In the summer of 2021, confronted with energy-driven inflation, some non-G7 central banks, including Brazil’s, began to increase interest rates. By contrast, the Fed resisted any move until March this year. Whether or not this reflected reasonable judgement that the inflationary pressures were transitory, the Fed is simply constrained by the fact that monetary tightening is not compatible with financial stability. In the highly-leveraged international financial system, financial actors need permanently liquid bond markets to support their borrowing. As was acutely demonstrated when British pension funds found themselves on the precipice after the UK’s mini-Budget on 23 September, any absence of liquidity risks disaster.
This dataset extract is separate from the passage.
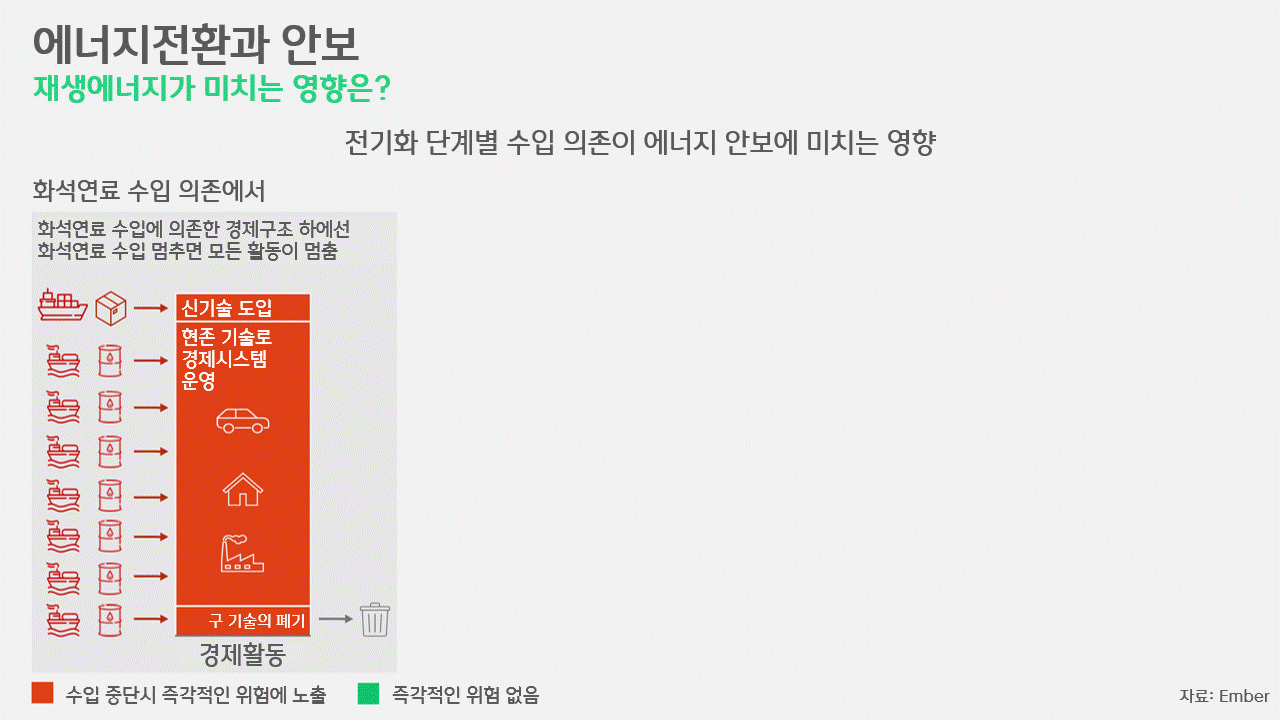 화석연료 기반의 경제 시스템을 전기화 중심으로 전환하면 어떻게 될까. 설사 전기화 기술을 해외에 의존한다 하더라도, 그 기술의 도입 이후 이를 기반으로 경제활동을 하는 기간 동안은 외부성의 영향으로부터 상대적으로 자유로울 수 있습니다. 에너지원 자체는 자국 내에서 조달이 가능한 덕분입니다. 물론, 이런 신기술의 도입부터 국산화가 가능하다면, 그때부턴 완전한 에너지 독립이라는 선순환에 접어들 수도 있습니다. 유가가 어떻게 출렁이든, 에너지를 두고 국제적 분쟁이 관세나 환율 전쟁을 넘어 실제 물리적인 전쟁으로 이어진다 하더라도, 자국 내 경제활동에서의 에너지 사용은 안전할 수 있는 것이죠.

While the Tory government’s fiscal plans might have been considered reckless at any time, Kwasi Kwarteng promised a new borrowing spree when it had been evident for months that there was low liquidity in bond markets. Under these conditions, there is, quite simply, a limit beyond which central banks will not be able to raise interest rates without precipitating a systemic collapse – that limit is in sight.
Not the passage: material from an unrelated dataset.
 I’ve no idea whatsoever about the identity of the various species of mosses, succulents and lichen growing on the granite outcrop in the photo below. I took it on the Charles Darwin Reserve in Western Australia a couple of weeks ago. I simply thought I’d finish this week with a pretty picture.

By cutting rates or returning to QE, central banks will jeopardise their credibility as guardians of price stability. None of the recessionary fears for Western economies, weak demand in China or US sales from its Strategic Petroleum Reserve have killed energy inflation. Even before the formal cuts in production that Opec Plus announced on 5 October (due to take effect from November), the inability of several Opec members to produce to quota was keeping oil prices at a higher level than is acceptable to the Fed. Leaving aside diplomatic support for Moscow, Saudi Arabia is clearly unwilling to allow oil prices to crash to the levels recorded in the second half of 2008 and early 2009 during the last pre-pandemic recession. The Saudis now have a strong interest in maintaining a floor for prices at a higher level than what is compatible with the Fed’s newfound determination to suppress inflation. Unlike after 2008, monetary policy cannot act as a shock-absorber for energy problems by financially incentivising more supply while the consequent energy inflation prevents monetary policy acting as a shock-absorber for the financial markets by incentivising interest rate hikes.
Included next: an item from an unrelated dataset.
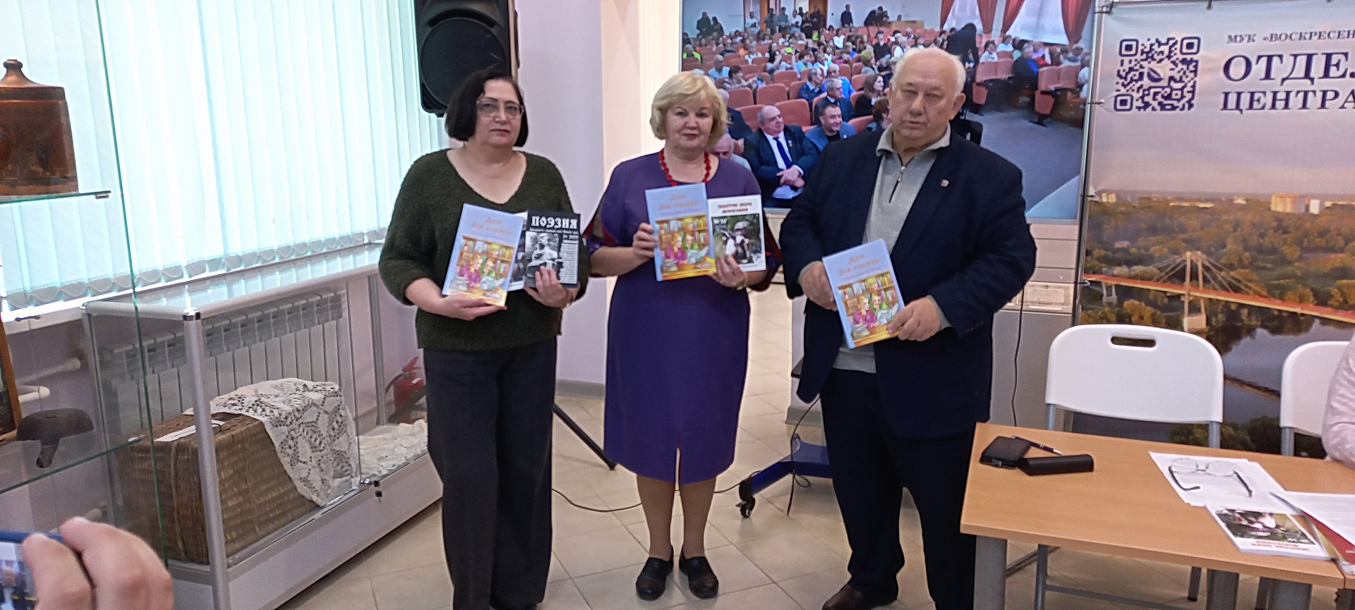 В ходе встречи литераторы познакомились с новыми изданиями, в которые вошли публикации воскресенских авторов. Сборники были подарены отделу обслуживания читателей и отделу краеведения Центральной библиотеки, а также Центральной детской библиотеке.

Even without Putin’s war against Ukraine the underlying predicament – the collision between finance and oil – would exist. But Russia’s territorial conquest has become an extraordinary secondary energy shock: in the middle of a pre-existing energy crisis the entire energy superstructure – who sells what fossil-fuel energy in what form to who and by what transit – is in turmoil. The competition for gas leaves Asian countries that can no longer access the LNG market, such as Pakistan and Bangladesh, without supply; meanwhile the European countries that have paid exorbitant prices for LNG labour under burgeoning trade deficits. Each outcome presents a currency risk at a time when almost all countries’ currencies are weakening against the dollar and when depreciation against the dollar only increases the costs of oil and gas imports.

War always lets loose multiple contingencies, and Russia’s war is no exception. But this war pursued by the state that has hitherto been the world’s most important energy exporter is also pressing hard on pre-existing fault lines. In the energy war, Opec Plus’s plan to cut oil production has been to Russia’s advantage, just when Ukraine has been making military progress. It is hard to find a historical precedent. Where wars have been fought as both battlefield and energy wars, as in the Second World War, energy and military power have worked in tandem. In the Ukrainian theatre they are not doing so. Meanwhile, the international financial system’s vulnerabilities can only be defended by actions that will intensify the inflationary problems caused by the energy war. Since the risks in bond markets are so acute, monetary policy in Western countries will soon be directed at financial stability not oil prices. It will be left to governments to confront energy inflation and energy scarcity in ways for which the last decade and a half has left politicians unprepared.